Below is a corrected Express implementation using the express-rate-limit package with a custom key generator that extracts the sub claim from a verified JWT. The example assumes the use of jsonwebtoken for verification.

const express = require('express');
const jwt = require('jsonwebtoken');
const rateLimit = require('express-rate-limit');

const app = express();

// Verify token and attach decoded payload to request
function authenticateToken(req, res, next) {
  const auth = req.headers.authorization;
  if (!auth || !auth.startsWith('Bearer ')) return res.status(401).send('Missing token');
  const token = auth.split(' ')[1];
  try {
    const decoded = jwt.verify(token, process.env.JWT_SECRET);
    req.user = decoded; // contains sub, jti, etc.
    next();
  } catch (err) {
    return res.status(401).send('Invalid token');
  }
}

// Rate limit per authenticated user (using sub claim)
const userLimiter = rateLimit({
  windowMs: 60000, // 1 minute
  max: 20,         // max 20 requests per user per window
  keyGenerator: (req) => {
    // Fallback to IP if token missing or malformed
    return req.user && req.user.sub ? req.user.sub : req.ip;
  }
});

app.get('/data', authenticateToken, userLimiter, (req, res) => {
  // Business logic here
  res.json({ data: 'sensitive', user: req.user.sub });
});

app.listen(3000);

In a Python/Flask environment, the same principle applies using Flask-Limiter:

from flask import Flask, request, g
from flask_limiter import Limiter
from flask_limiter.util import get_remote_address
import jwt

app = Flask(__name__)
limiter = Limiter(
    key_func=lambda: get_jwt_sub(),
    default_limits=["20 per minute"]
)

def get_jwt_sub():
    auth = request.headers.get('Authorization', '')
    if not auth.startswith('Bearer '):
        return get_remote_address()  # fallback to IP
    token = auth.split(' ')[1]
    try:
        payload = jwt.decode(token, app.config['JWT_SECRET'], algorithms=['HS256'])
        return payload.get('sub', get_remote_address())
    except Exception:
        return get_remote_address()

@app.route('/data')
@limiter.limit("20 per minute")
def data():
    return {'data': 'sensitive'}

if __name__ == '__main__':
    app.run(port=5000)

After deploying the fix, rerun middleBrick (via CLI, GitHub Action, or MCP Server) to confirm that the Rate Limiting check now passes and the overall security score improves. Continuous monitoring (available on the Pro plan) will alert you if the configuration drifts or if new endpoints are added without token‑aware limits.
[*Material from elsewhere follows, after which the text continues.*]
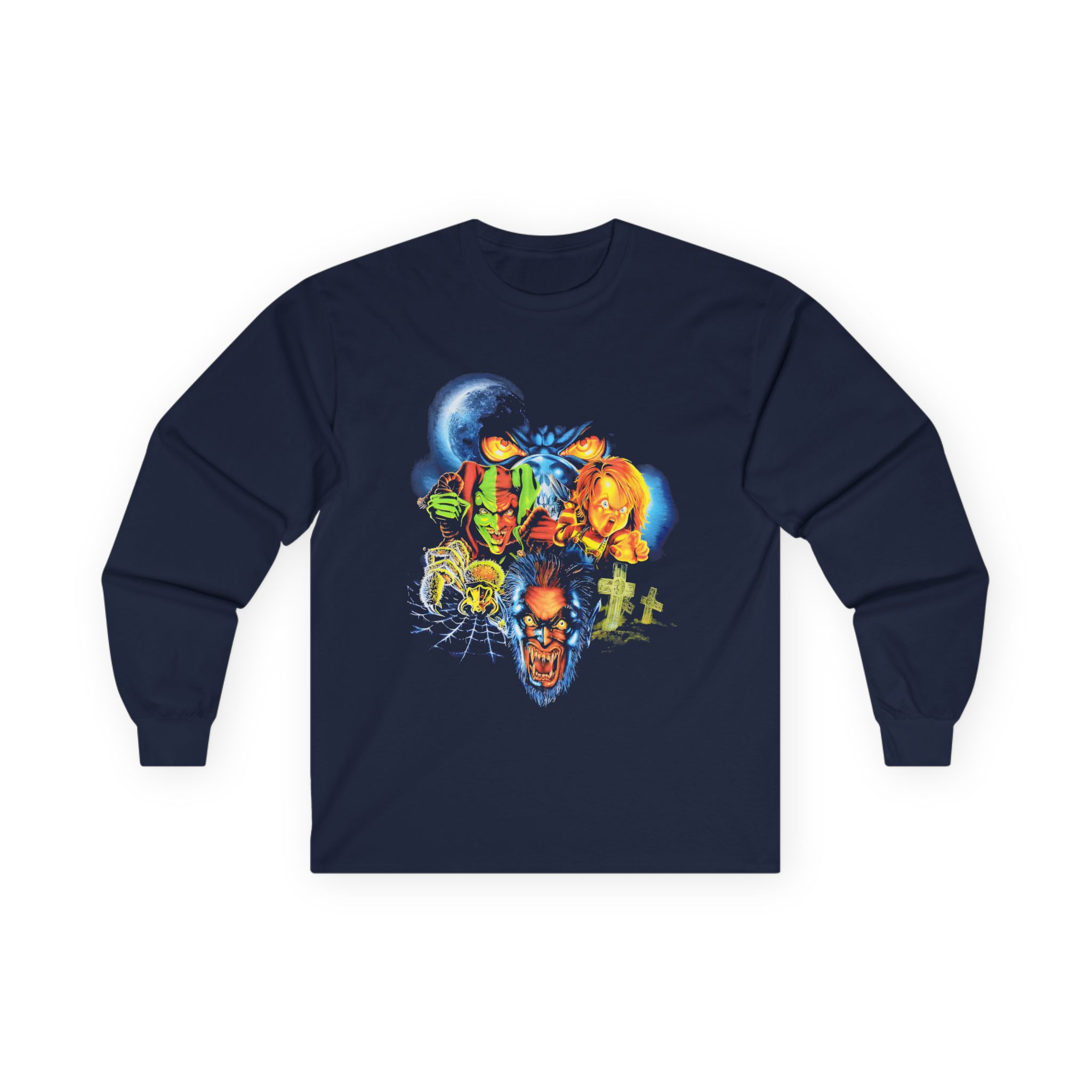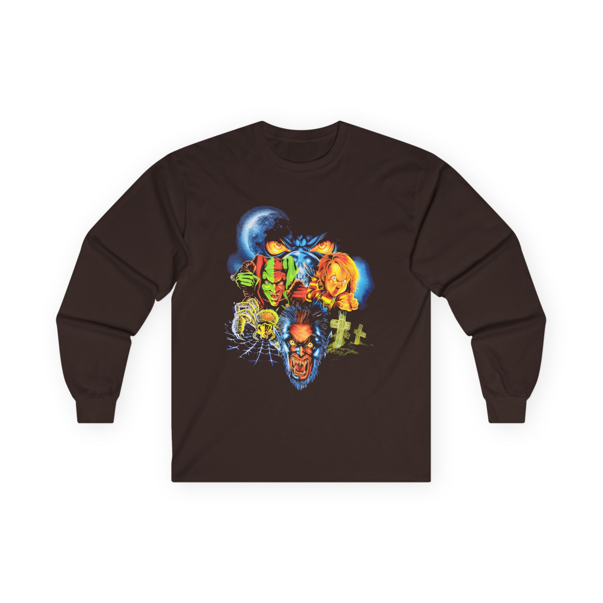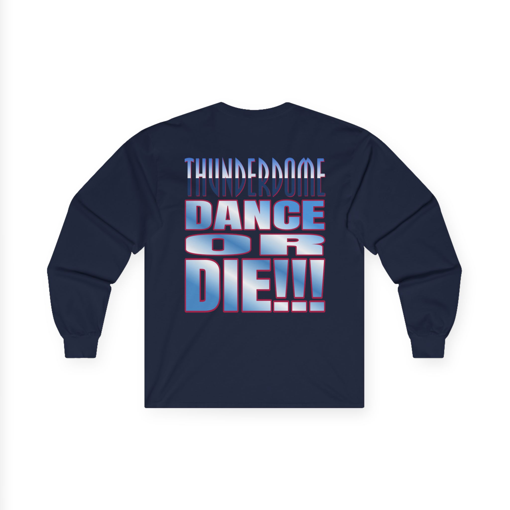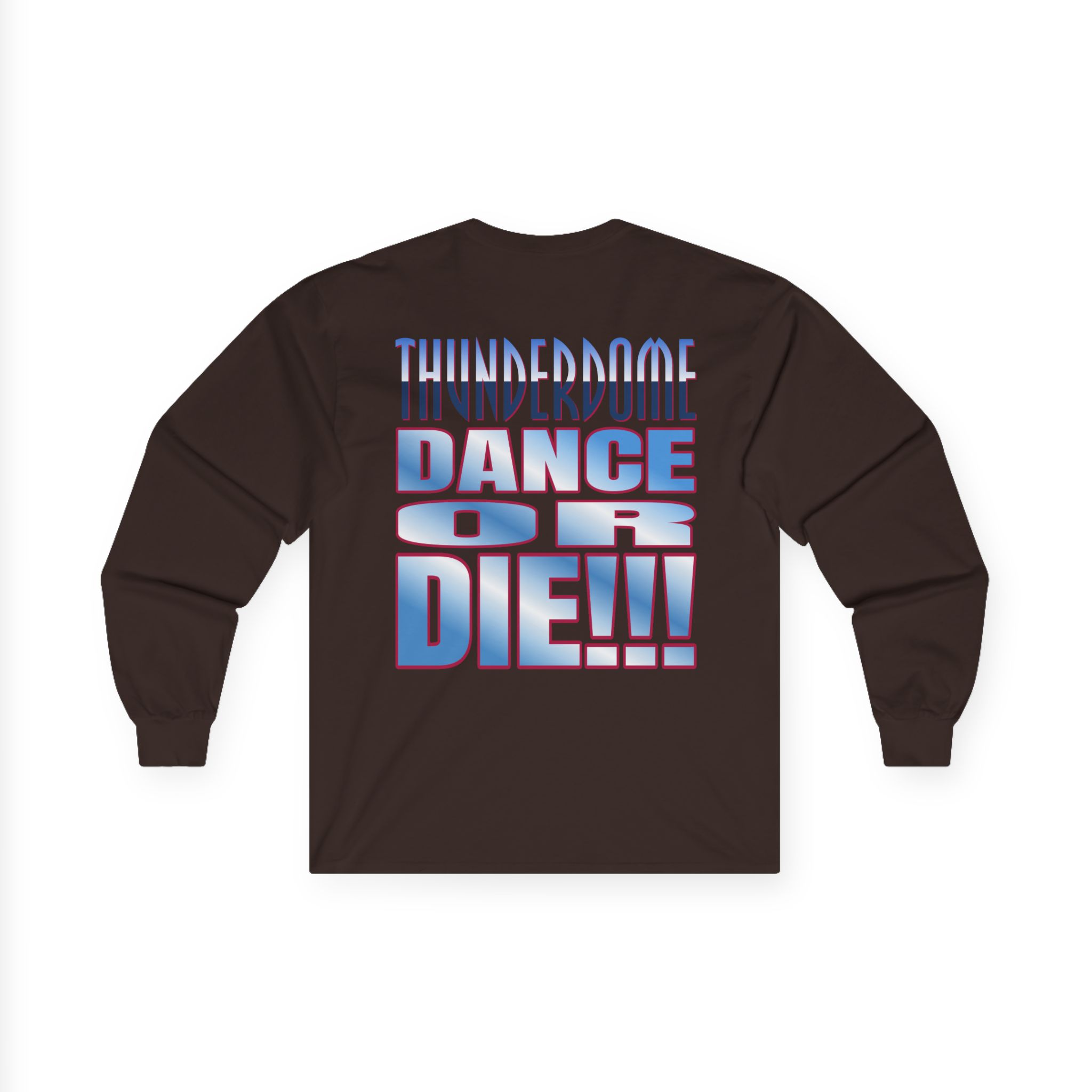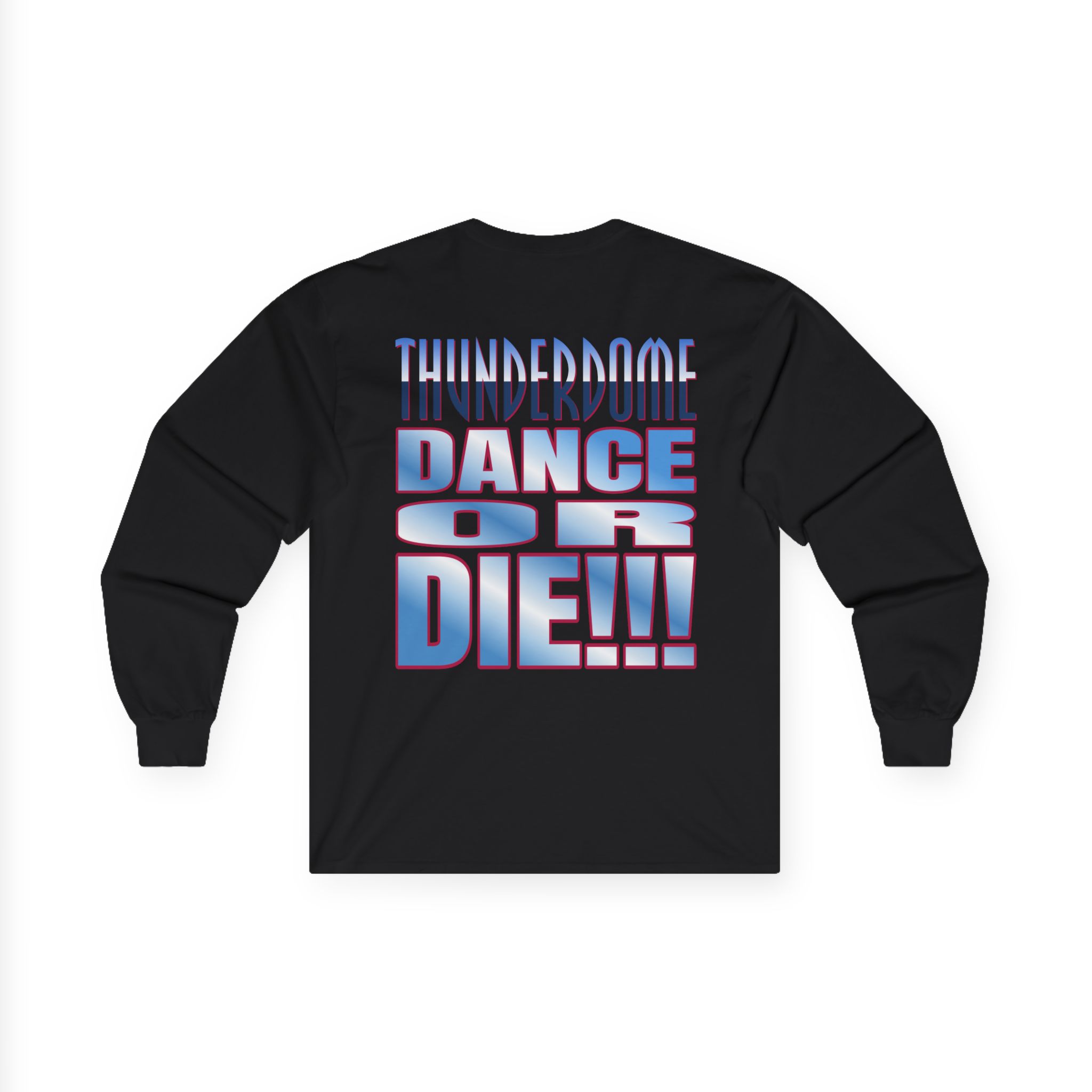 This Thunderdome Dance Or Die long-sleeve tee brings vintage concert vibes to everyday wear. Soft yet substantial cotton and a classic, slightly boxy fit create a lived-in feel that layers well under jackets r stands alone. The front art—bold mirrored sunglasses, a painted blue nose and red lips—feels like a snapshot from an ’80s tour poster. Wear it to record-store hangs, low-key gigs, or when you want a guarded nod to music history without shouting. It’s the kind of shirt that feels like it already remembers a hundred nights out.

Related CWEs: resourceConsumption

CWE IDNameSeverity
CWE-400Uncontrolled Resource Consumption HIGH
CWE-770Allocation of Resources Without Limits MEDIUM
CWE-799Improper Control of Interaction Frequency MEDIUM
CWE-835Infinite Loop HIGH
CWE-1050Excessive Platform Resource Consumption MEDIUM

Frequently Asked Questions

Does middleBrick block or fix rate‑limiting bypasses automatically?
No. middleBrick only detects the issue and provides a detailed finding with severity, evidence, and remediation guidance. It does not modify your API, apply blocks, or patch code.
Can I test multiple Bearer tokens in a single scan with the middleBrick CLI?
Yes. The CLI accepts a URL and internally performs unauthenticated probes; to test token‑specific limits you can supply a header file or use the GitHub Action/MCP Server to inject different Authorization headers per request. The scanner will report whether the limit is enforced per token.